The Big Sister Experience is a wellbeing and life education program that works with tween and teen girls and their families to inspire resilient and confident women of tomorrow.

Whether during school programs, or family workshops, the concept of making mistakes is often raised in some form. Parents desperate for their children not to make the same mistakes they made, and schools eager for their students to take safe risks and make mistakes to foster resilience and growth.

The students themselves, often in an anxious state, desperate to please, afraid of failure or judgement, unable to fully explore their own identity. So where does The Big Sister Experience stand on mistake making?

No parent wants to see their child in pain, and it’s normal to want to protect our loved ones. But there are more lessons to be learnt in failure, and we are often doing our young people a massive disservice by not allowing them to make their own mistakes.

Instead of preventing them from making mistakes, here are our ideas on how to best support your children to further their resilience and nurture a healthy relationship with failure.

 

Vulnerability is key to connection

Whether working with girls, parents or educators, one of our core keys to nurturing happy girls is creating authentic, genuine and honest relationships where youths feel safe seeking support and guidance.
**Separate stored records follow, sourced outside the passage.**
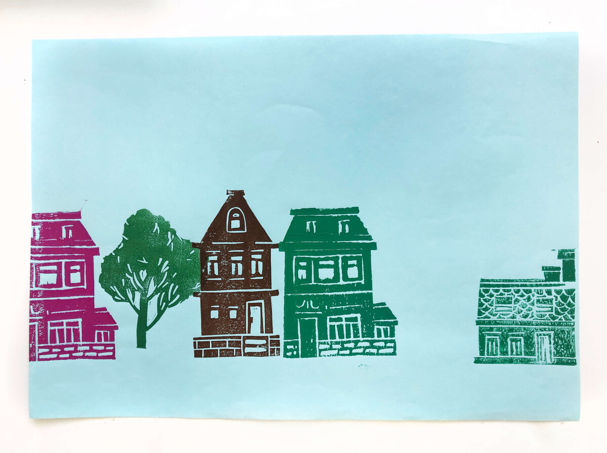 Курс Анны Цымбал — адаптация линогравюры под домашние условия. Вам не нужно покупать дополнительное оборудование. Вы сможете спокойно отпечатать линогравюры на кухонном столе с помощью скалки, например.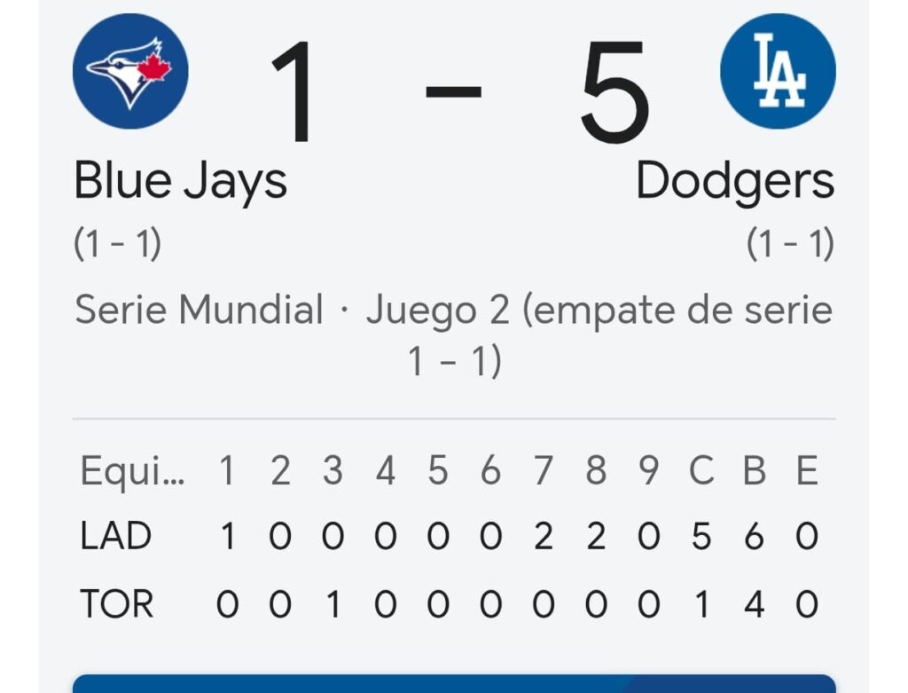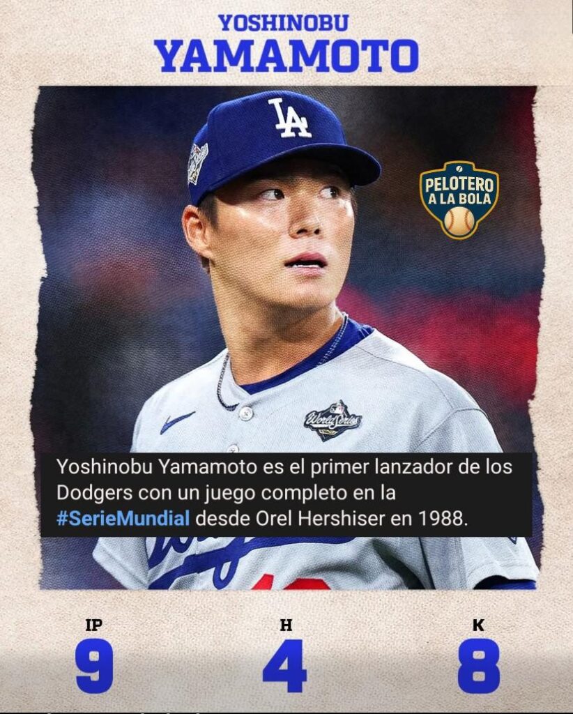 Los Dodgers empatan 1-1 la Serie Mundial al vencer a los Azulejos con magistral pitcheo del nipón Yoshinobu Yamamoto, quien tuvo un titubeante inicio pero recompuso el camino y tiró juego completo, su segundo al hilo en postemporada, tras duelazo de lanzadores con Kevin Gausman. Decisivos bambinazos de Will Smith y Max Muncy. Desde 2001, cuando Curt Schilling, de Cascabeles de Arizona, lanzó 3 juegos completos en postemporada, no ocurría esto.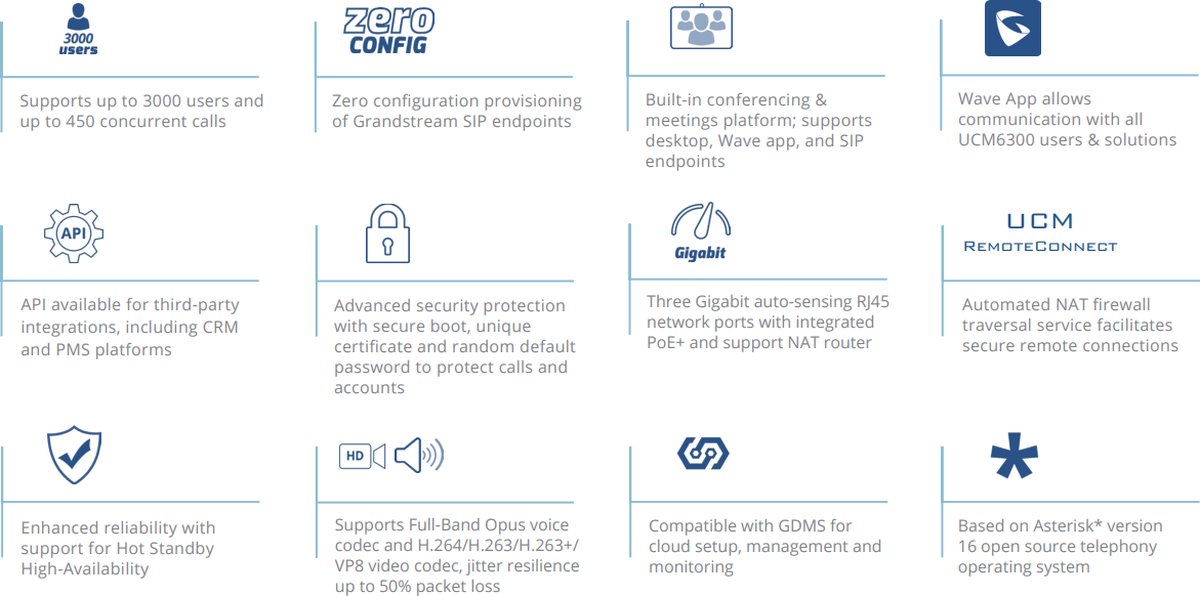 Това е автоматичен превод. Оригиналния текст може да видите тукСерията UCM6300 позволява на бизнеса да изгражда мощни и мащабируеми решения за унифицирана комуникация и сътрудничество. Тази серия IP PBX предоставя платформа, която обединява цялата бизнес комуникация в една централизирана мрежа, включително гласови разговори, видеоконферентна връзка, видеонаблюдение, уеб срещи, данни, анализи, мобилност, достъп до съоръжения, домофони и други . Серията UCM6300 поддържа до 3000 потребители и включва вградено решение за уеб срещи и видеоконферентна връзка, което позволява на служителите да се свързват от настолни компютри, мобилни устройства, устройства от серията GVC и IP телефони. Тя може да се сдвои с екосистемата UCM6300, за да предложи хибридна платформа, която комбинира контрола на локална IP PBX с отдалечения достъп на облачно решение. Екосистемата UCM6300 се състои от приложението Wave за настолни компютри, уеб и мобилни устройства, което предоставя център за отдалечена съвместна работа, и UCM RemoteConnect, услуга за преминаване през облачен NAT за осигуряване на сигурни отдалечени връзки. Серията UCM6300 предлага също така настройка и управление в облака чрез GDMS и API за интеграция с платформи на трети страни. Като предлага висококачествено решение за унифицирани комуникации и сътрудничество, оборудвано с набор от инструменти за мобилност, сигурност, срещи и сътрудничество, серията UCM6300 предоставя мощна платформа за всяка организация .

To create these relationships, we advocate being completely vulnerable. In our young people’s eyes, being vulnerable allows us to appear relatable. It fosters connection as we are seen as human, fragile, imperfect and thus, normalising the rollercoaster journey our tweens and teens are facing.

At any opportunity, talk to your kids about your mistakes and your disappointments.
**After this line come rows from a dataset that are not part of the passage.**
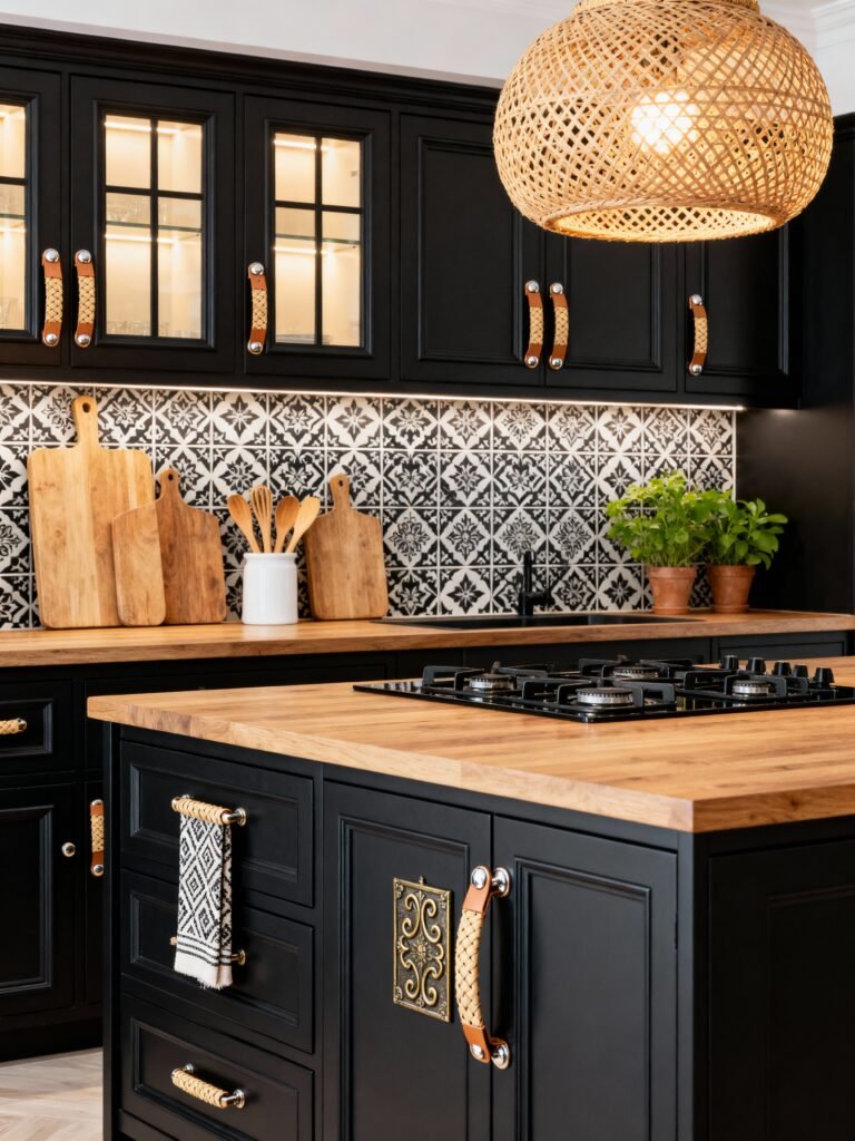 This kitchen is the perfect example of how to make black cabinetry feel approachable and lived-in. What really catches my eye here are those textured details. The oversized woven pendant light and the leather-and-wicker door pulls soften the dark faces of the cabinets beautifully.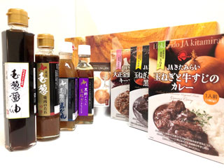 JAきたみらい産のタマネギと北海道産の牛すじ肉をじっくりとろとろになるまで煮込んだレトルト食品「玉ねぎと牛すじのカレー」や、食物繊維が多く含まれる北海道産「白花豆」を原材料とした甘納豆など自慢の商品を取りそろえています。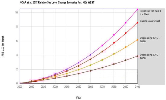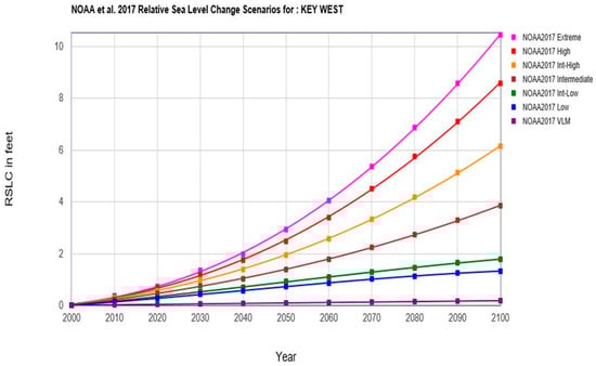 Newer information on scientifically supported SLR projections of IPCC (2013) [] includes recent observational and modeling literature related to the potential for rapid ice melt in Greenland and Antarctica. The projections and results presented in several peer-reviewed publications provide evidence to support a GMSL rise in the range of 1.4 m to 2.7 m by 2100, and recent results regarding Antarctic ice-sheet instability indicate that such outcomes will be more likely than previously thought []. To ensure consistency with these recent updates to the peer-reviewed scientific literature, NOAA recommends a revised “extreme” upper-bound scenario for GMSL rise of 2.5 m by the year 2100, which is 0.46 m higher than the upper bound scenario from [] and IPCC [] employed by the NCA 2014 and 2018 [,]. The NOAA 2017 scenarios [] for the time period of 2050–2100 predict a 0.9 to 1.8 m SLR with surface inundation in the Florida Keys [].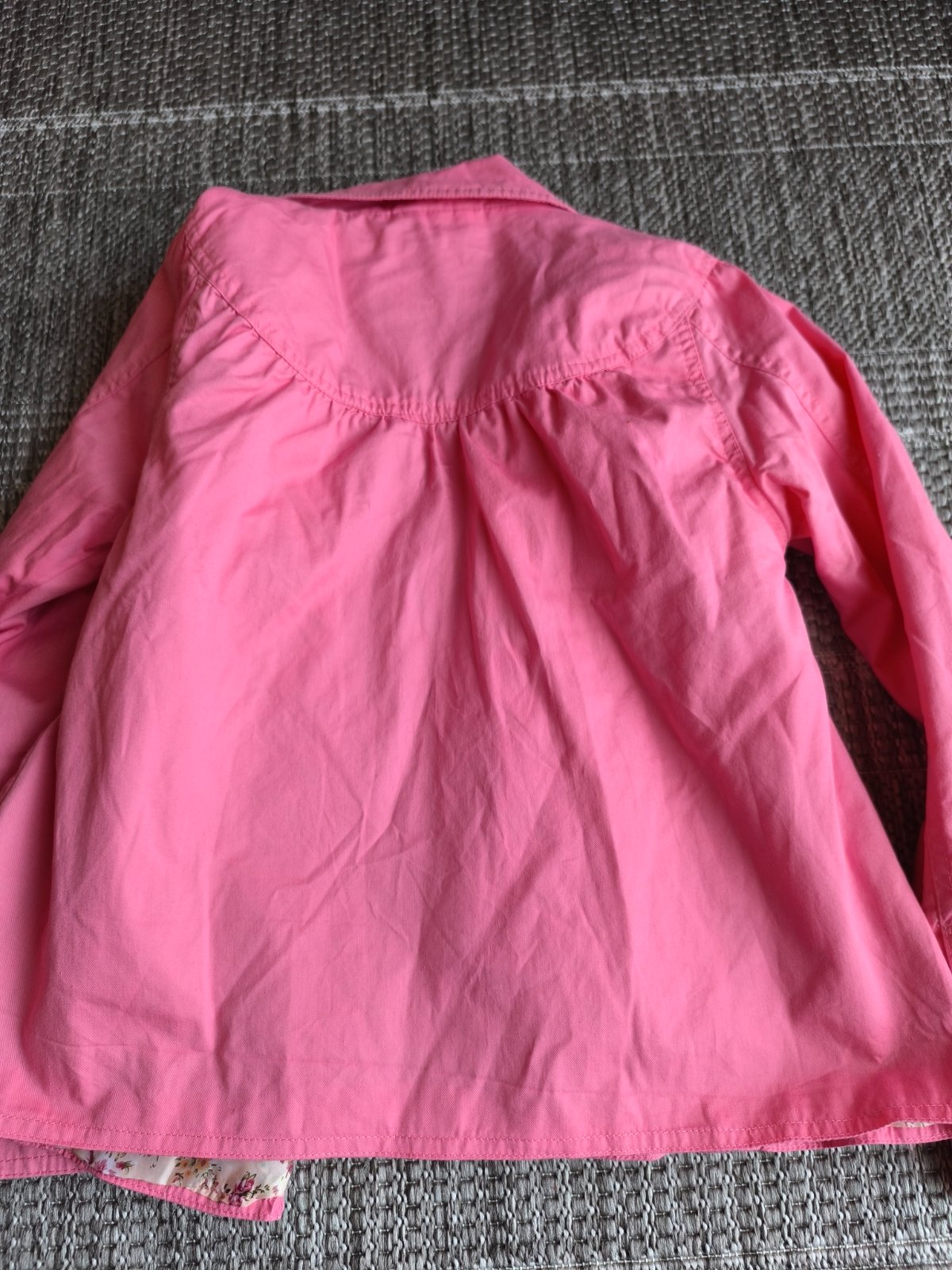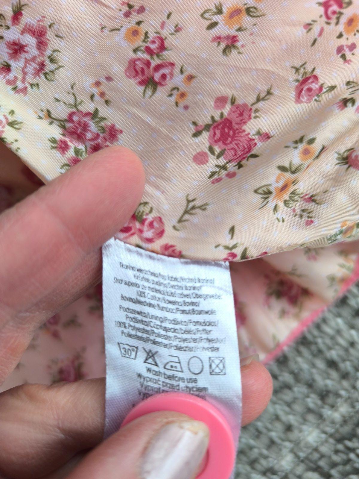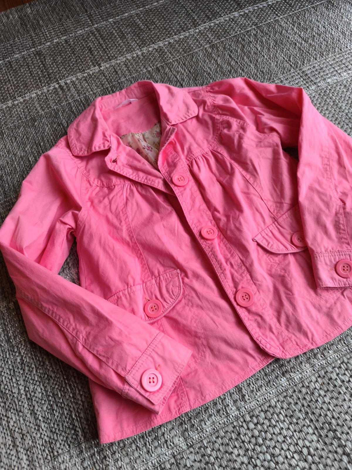 Tenké bavlnené sačko s kvetovanou podšívkou z polyesteru. Vhodné aj na príležitosť. Veľkosť 140. V super stave. Dĺžka 51cm, šírka cez hrudník 41cm, rukáv od ramena 52cm.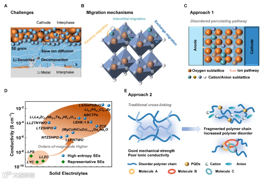 图4. 固态电解质的关键问题及相应的熵调控策略。(A) 固态电解质面临的问题与挑战。(B) 固态电解质的通用扩散机制。(C) 设计高熵固态电解质的方法1:掺杂金属阳离子以形成无序的渗透通道。(D) 传统的代表性固态电解质与已报道的高熵固态电解质离子电导率的总结比较。(E) 设计高熵固态电解质的方法2:设计碎片化聚合物链的分子结构。

Allow them to see you as a real person, instead of someone who is perfect, has it all together, and could never relate to what they are feeling and experiencing. Start the dialogue and promote open communication.

The more you push for specific information, the more teens may repel. Instead, spend that time building a space in which you yourself are leading by example in sharing the stories from your own teen years, or your current day to day life.

A result of this authentic connection often sees them naturally opening up about the things you as a parent are anxious about.

 

Allow your kids to make mistakes

As painful as it can be to stand by silently, surely you can remember the pain that came with some of your biggest mistakes, and the growth and lessons that then stemmed from that.

It is the human to condition to grow, and just like the growing pains our young people experience, there is bound to be some pain synonymous with the growth they are experiencing.

Share the consequences of your own mistakes, and how they served you, and what you learnt from them. Not as a ‘don’t do this because…’ but more of a ‘I did this, and this is what happened…’ Again, opening up the dialogue and
removing judgement.

Often in our school workshops, we share our own mistakes, and the ramifications we faced, understanding that the developmental stage of the teen brain often means these consequences were not even considered when engaging in certain behaviours.

Instead of telling, try showing. Remember what it was like at that age, figuring your way, and trying new things in a bid to establish your own sense of identity. Understand that it is through experimentation, risk and mistakes that our young
people begin to form their own sense of self. Support this journey, and guide them on their individual path.

 

Adopt a gratitude mindset

There is no question that parents always want the best for their kids. But removing all risk of mistakes is not only impossible with our children, but detrimental.

Instead, focus on giving them a soft place to land if and when they have made a mistake. We like to focus on a gratitude mindset which means focusing on what we have, instead of what we lack.

In terms of making mistakes, this means reflecting on what’s happened and being thankful for the lessons learned, or the growth experienced. Start leading by example with this when you open the dialogue around the mistakes that you made yourself.

What lessons came of it? How did you grow or change as a person because of it? What did it feel like at the time, were you afraid, embarrassed? Did that in turn become a mistake you never repeated? Or did it take a few times to sink in?

 

There is no question that making mistakes is part of growing up. This can be hard for parents to watch, especially mistakes that bring immense pain or hurt.

But focusing on the lessons and finding the gratitude is a great way to nurture a healthy relationship with failure for your children. A healthy relationship with failure means that we recognise that growth and lessons that come with making
mistakes, and as such, strengthen resilience.

The Big Sister Experience believe that these 5 strategies are far more practical and helpful way to nurture our youth through mistake making.